COLE, Circuit Judge.

Defendant-Appellant Jerome Ian Owens appeals his conviction for armed bank robbery on the grounds that (1) the district court declined to investigate the possibility of jury bias, (2) prosecutorial misconduct deprived him of a fair trial, (3) the evidence underlying two counts of the indictment was insufficient, (4) the district court erred in its evaluation of restitution, and (5) he is entitled to remand for resentencing under United States v. Booker, — U.S.-, 125 S.Ct. 738, 160 L.Ed.2d 621 (2005). For the reasons that follow, this Court AFFIRMS the conviction and order of restitution but REMANDS for resen-tencing in light of Booker.

I.

Owens was arrested on September 21, 2002 in connection with a string of bank robberies. Owens was identified by his mother from a security photograph taken during the fourth and final robbery. Owens was indicted on, and pleaded not guilty to, fourteen related counts.

Over the course of the resulting trial, the Government put on evidence that Owens planned one robbery and physically participated in three others. Most of Owens’s accomplices testified to committing a robbery alongside Owens or testified that Owens admitted to them that he had committed a specific robbery.

*804 The accomplices largely corroborated one another. For instance, Damon Johnson, a participant in the fourth robbery, testified that he had once loaned Owens a gun that Owens returned stained by red dye. When Johnson asked about it, Owens described his participation in another of the four robberies. In that robbery, a dye pack exploded and a gun discharged. Lionel Sorrels, another accomplice, testified that Owens independently described a robbery wherein a gun discharged and' a dye pack exploded.

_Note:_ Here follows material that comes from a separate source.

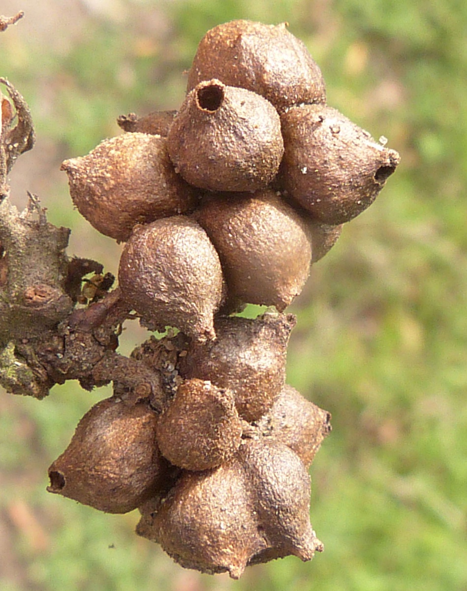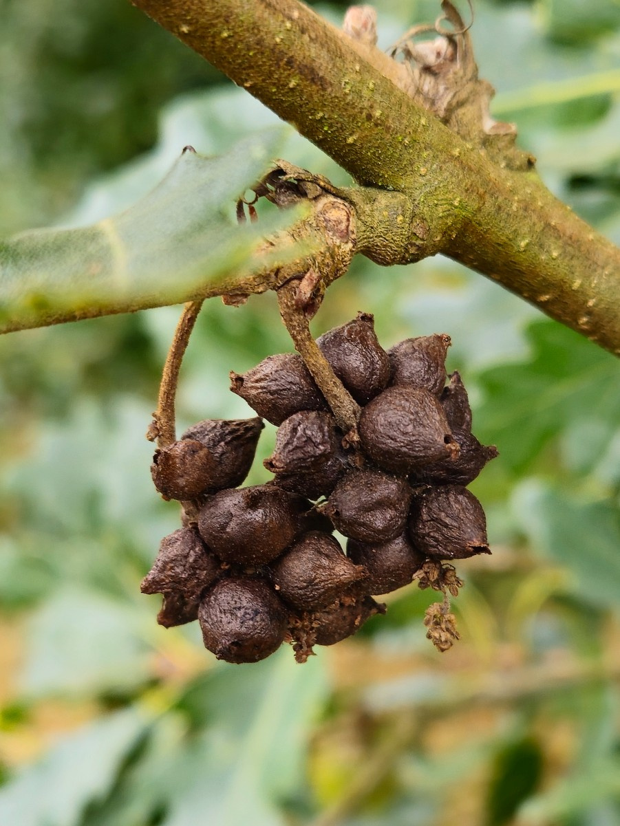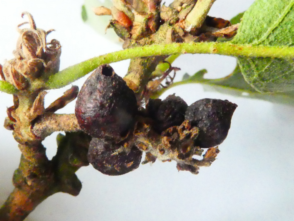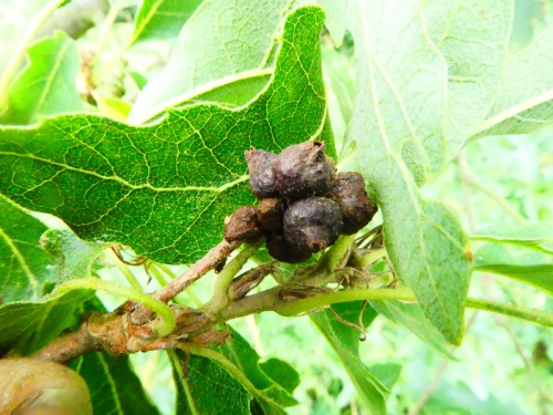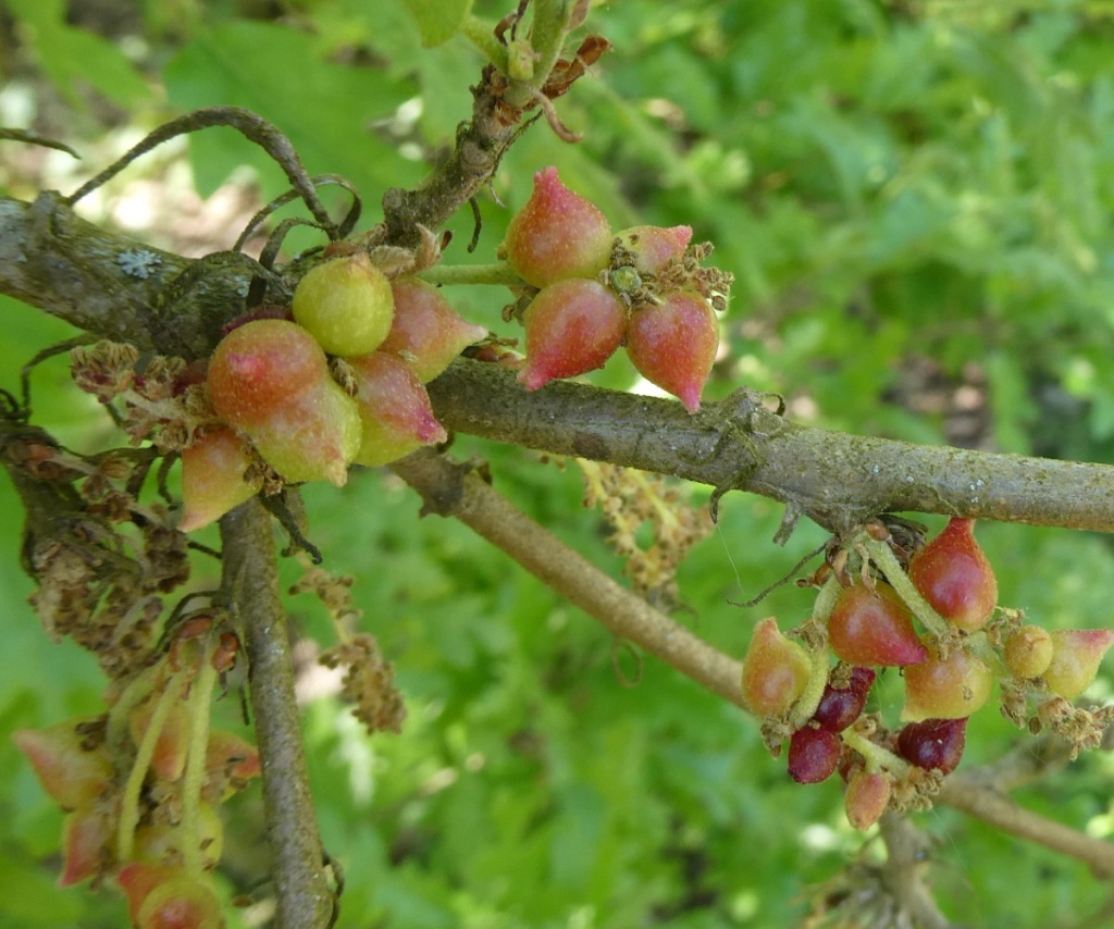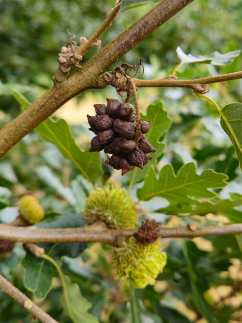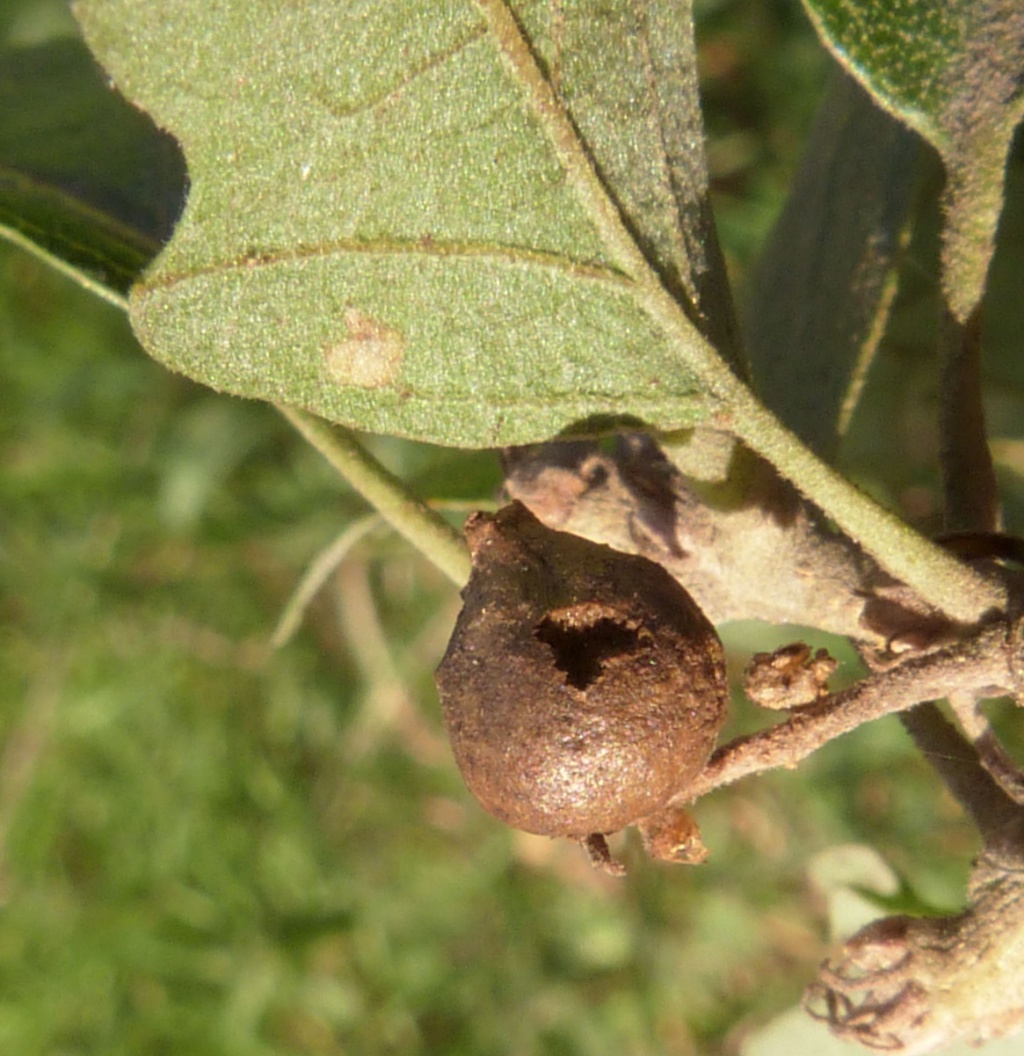 In spring, galls are caused by the sexual generation of wasps on the catkins of Turkey Oak. These galls grow to about 6mm and shaped like pointed peas; green at first, then becoming bright red. The vacated brown galls often persist into autumn.

Bank employees, customers, and law enforcement authorities confirmed certain details provided by the co-perpetrators about the various robberies. Stevie Jones described a robbery he committed with Owens wherein Owens pushed a woman to the ground and referenced Flint, Michigan with the words “This is how we do it in Flint.” Bank employees and customers confirmed these two details. Adika Sutton claimed that she talked with Owens via a Nextel phone during a robbery on November 28, 2001, which Owens was alleged to have planned. Officer Valentine testified that when Sutton and her accomplice were caught driving away from the scene, police recovered a Nextel phone.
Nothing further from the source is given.